On appeal, Anderson persuasively distinguishes Pyles by supplying the “more.” Unlike the prisoner in that case, who was uncuffed, Anderson faced a hazard that posed, in three respects, a significant risk of severe harm. First, the stairs were not only slippery with milk, but also clogged with several days’ of accumulated food and rubbish, creating an obstacle course. Second, by handcuffing him behind his back, the guards prevented Anderson from steadying himself to avoid tripping, slipping, or tumbling down the flight of stairs. Third, even though they knew that Anderson could not steady himself, the guards refused to assist him. Anderson has thus alleged circumstances perilous enough to constitute “an unreasonable risk of serious damage to his future health,” Helling v. McKinney, 509 U.S. 25, 35, 113 S.Ct. 2475, 125 L.Ed.2d 22 (1993), and to state an Eighth Amendment claim, see Powers v. Snyder, 484 F.3d 929, 932 (7th Cir. 2007) (prison conditions that recklessly “endanger[]” a prisoner’s health state an Eighth Amendment claim); Board v. Farnham, 394 F.3d 469, 478 (7th Cir. 2005) (“known or obvious dangers” to health state a claim under Eighth and Fourteenth Amendments).

The defendants respond by arguing, unhelpfully, that the risk of slipping in a prison shower does not violate the Eighth Amendment. They cite cases in which our sister circuits have ruled that keeping a violent prisoner shackled while he uses the shower, see LeMaire v. Maass, 12 F.3d 1444, 1457 (9th Cir. 1993), and failing to drain standing water in a shower area used by an inmate on crutches, see Reynolds v. Powell, 370 F.3d 1028, 1031 (10th Cir. 2004), do not pose sufficient risks of harm to state a claim. But these cases are distinguishable for two reasons. First, plummeting down a flight of 13 steps presents a far greater risk of physical injury than does slipping on a shower floor. Second, the floors in LeMaire scad' Reynolds and the stairs in Pyles were unavoidably wet: showers necessarily produce wet floors, and in Pyles, the water on inmates’ shower shoes inevitably tracked onto the exit stairway, see Pyles, 771 F.3d at 405. But here, stairs slicked with milk and cluttered with garbage are not a necessary condition of prison.
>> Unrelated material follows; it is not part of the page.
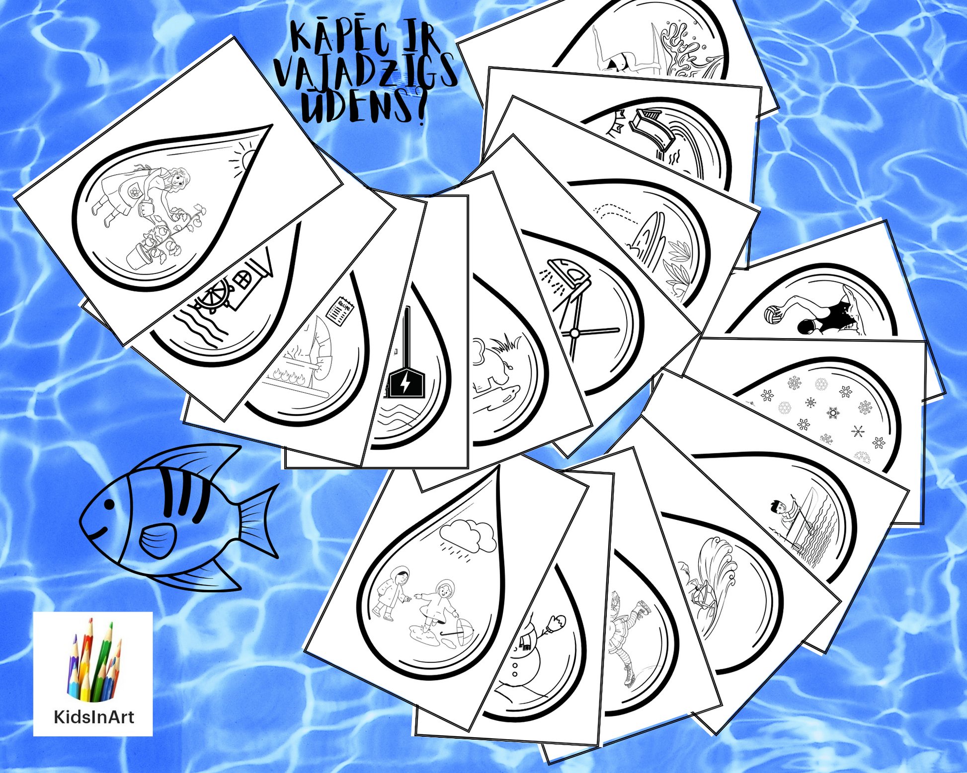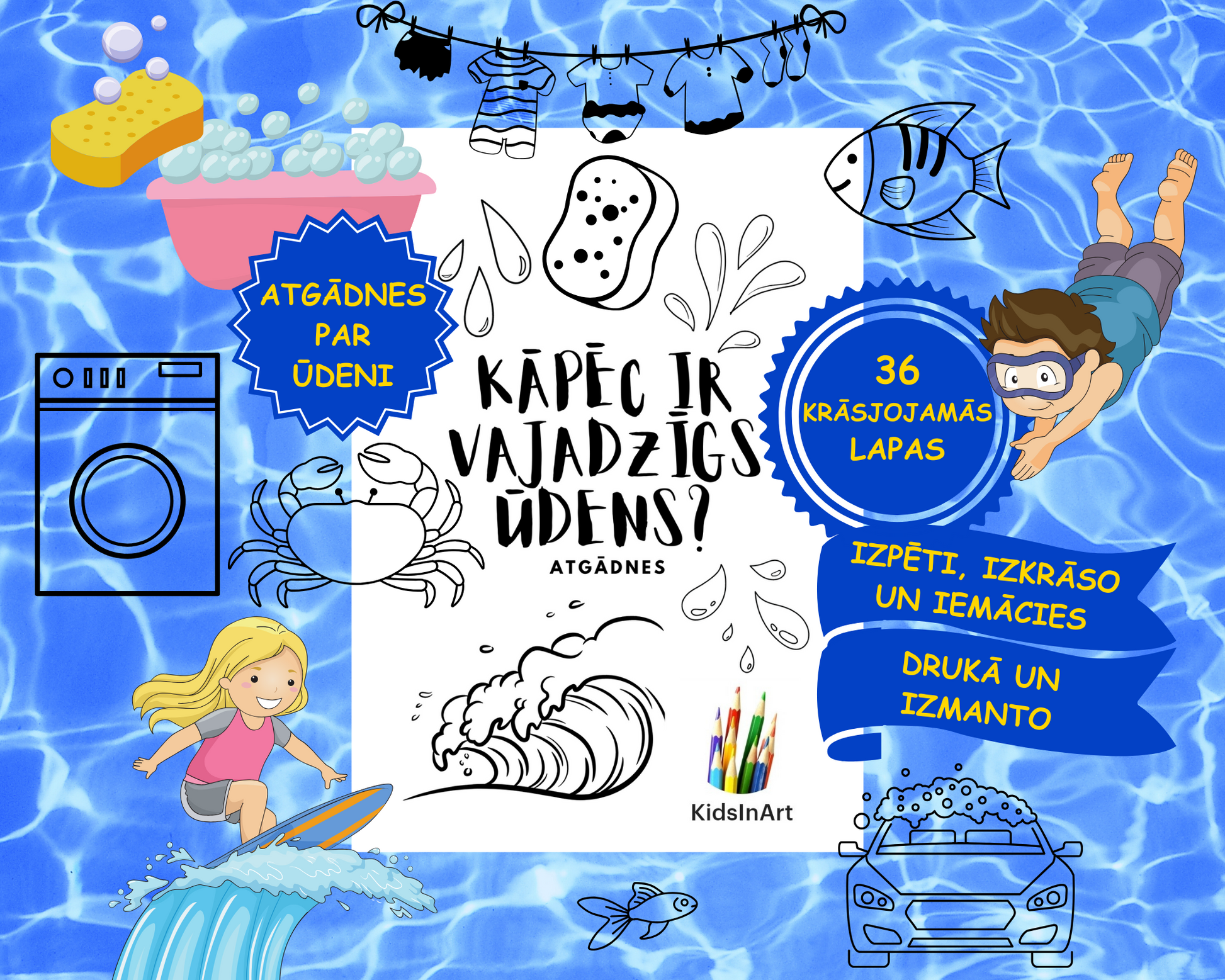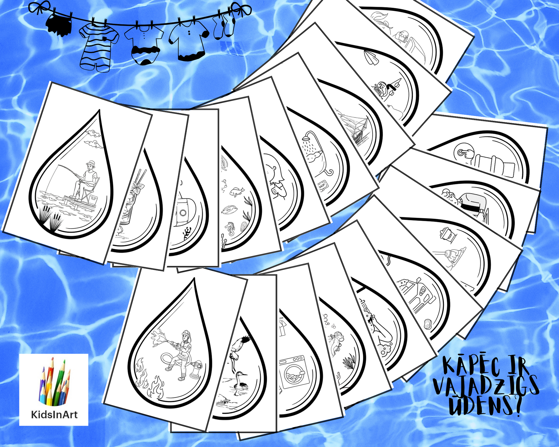 "Kāpēc ir vajadzīgs ūdens?" - 36 atgādnes par ūdens pielietojumu, kuras var tikt izmantotas arī kā krāsojamās lapas. 🥽🩱🛀🚣♂️🏄♀️

And by cleaning the stairs, the high risk of serious harm would ebb.

Prisons are not required to provide a “maximally safe environment,” Carroll v. DeTella, 255 F.3d 470, 472 (7th Cir. 2001), but they must address easily preventable, observed hazards that pose a significant risk of severe harm to inmates, see Withers v. Wexford Health Sources, Inc., 710 F.3d 688, 689 (7th Cir. 2013); Smith v. Peters, 631 F.3d 418, 420 (7th Cir. 2011); Gates v. Cook, 376 F.3d 323, 338 (5th Cir. 2004). Forcing someone to walk handcuffed and unaided down stairs needlessly strewn with easily removable milk, food, and garbage, as Anderson alleges, poses an unreasonable peril.

Of course, these are only allegations. Further proceedings must determine their truth. We encourage the district court on remand to consider recruiting counsel for Anderson. Cf. Perez v. Fenoglio, 792 F.3d 768, 784 (7th Cir. 2015) (“[WJhether there has been deliberate indifference on the part of a defendant is an issue that requires the subtle appreciation of legal causation and of the duties imposed upon state prison officials by the Eighth Amendment. Even a pro se litigant with a meritorious claim may fail to grasp these subtleties.” (citation and internal quotation marks omitted)).

III. CONCLUSION

For these reasons, we Vaoate the judgment and Remand for further proceedings.